Whether the distribution has zero variance.

Returns

has_zero_variancebool

Always True for point mass.

class ionworkspipeline.data_fits.stats.Dirichlet(alpha: ndarray)

Dirichlet distribution.

Extends: ionworkspipeline.data_fits.stats.stats.Distribution

property alpha: ndarray

Concentration parameters of the Dirichlet distribution.

Returns

alphanp.ndarray

Concentration parameters.

property argmin: ndarray

The point at which the normalized negative logpdf achieves its minimum value of zero. For the Dirichlet distribution, this occurs at the mode.

Returns

np.ndarray

The mode of the distribution, where all alpha_i > 1.

cdf(x: float | ndarray) float | ndarray

Cumulative distribution function of the distribution.

Parameters

xfloat or array_like

Points at which to evaluate the CDF.

Returns

cdffloat or ndarray

Cumulative distribution function evaluated at x.

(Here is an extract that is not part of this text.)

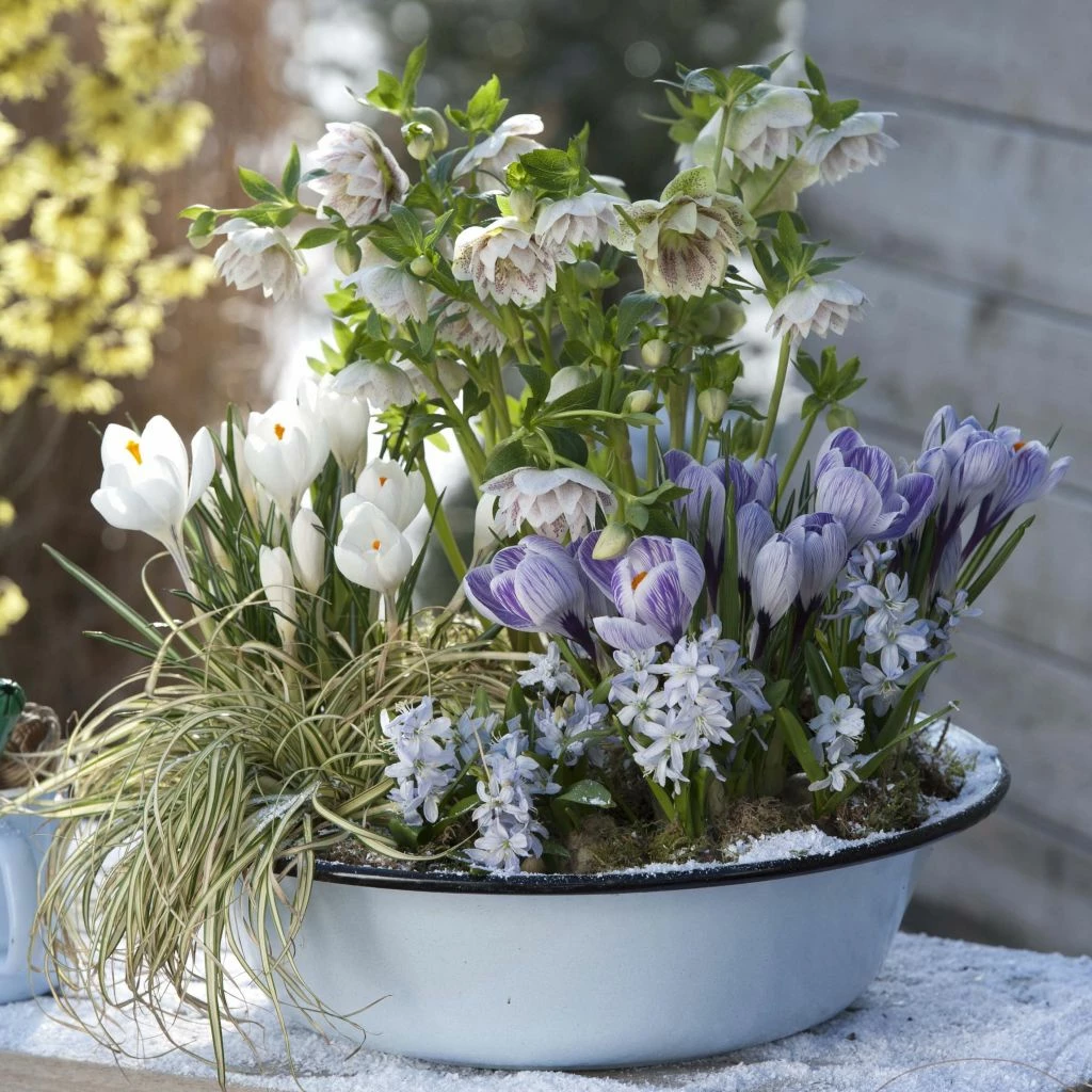 Une collection pour composer une ravissante potée ou jardinière fleurie qui égayera balcons ou terrasses du cœur de l’hiver jusqu’à l’arrivée des beaux jours. Les fleurs blanches de l’Hellébore ‘Double Blanc’ feront leur apparition dès le mois de janvier ; elles seront vite rejointes par les belles nuances bleues des crocus et du Puschkinia qui prolongeront le spectacle jusqu’à la fin du mois de mars. Le feuillage du carex et de l’hellébore restera décoratif toute l’année. Cette collection très rustique sera idéale pour éclairer une terrasse mi-ombragée, sur un balcon ou devant la porte d’entrée. On veillera à protéger ces plantes de sous-bois des rayons brûlants du soleil en été.

evaluate_to_array(x: ndarray) ndarray

Compute the residuals for Dirichlet distribution.

When squared and summed, equals evaluate_to_scalar(x).

Parameters

xnp.ndarray

Point at which to evaluate.

Returns

np.ndarray

Residuals whose squared sum equals the normalized negative logpdf.

evaluate_to_scalar(x: ndarray) float

Compute the normalized negative logpdf for Dirichlet distribution. For x on the simplex (x_i > 0 and sum(x) = 1), computes: -sum((alpha_i - 1) * log(x_i))

The minimum value of 0 occurs at the mode of the distribution.

Parameters

xnp.ndarray

Point at which to evaluate.

Returns

float

Normalized negative logpdf, equals 0 at the mode. Returns infinity if any x_i <= 0 or sum(x) != 1.

property multivariate: bool

Whether the distribution is multivariate.

Returns

multivariatebool

Always True for Dirichlet distribution.

pdf(x: float | ndarray) float | ndarray

Probability density function of the Dirichlet distribution.

Parameters

xnp.ndarray

Points at which to evaluate the PDF. Must be on the simplex (all x_i > 0 and sum(x) = 1).

Returns

pdffloat | np.ndarray

Probability density function evaluated at x. Returns 0 if any x_i <= 0 or sum(x) != 1.

ppf(U: ndarray) ndarray

Percent point function (inverse of CDF) for Dirichlet distribution.

For Dirichlet, we use the property that if X_i ~ Gamma(alpha_i, 1), then [X_1, X_2, …, X_k] / sum(X) ~ Dirichlet(alpha_1, alpha_2, …, alpha_k)

Parameters

Unp.ndarray

Samples from the standard uniform distribution.

Returns

samplesnp.ndarray

Samples from the Dirichlet distribution.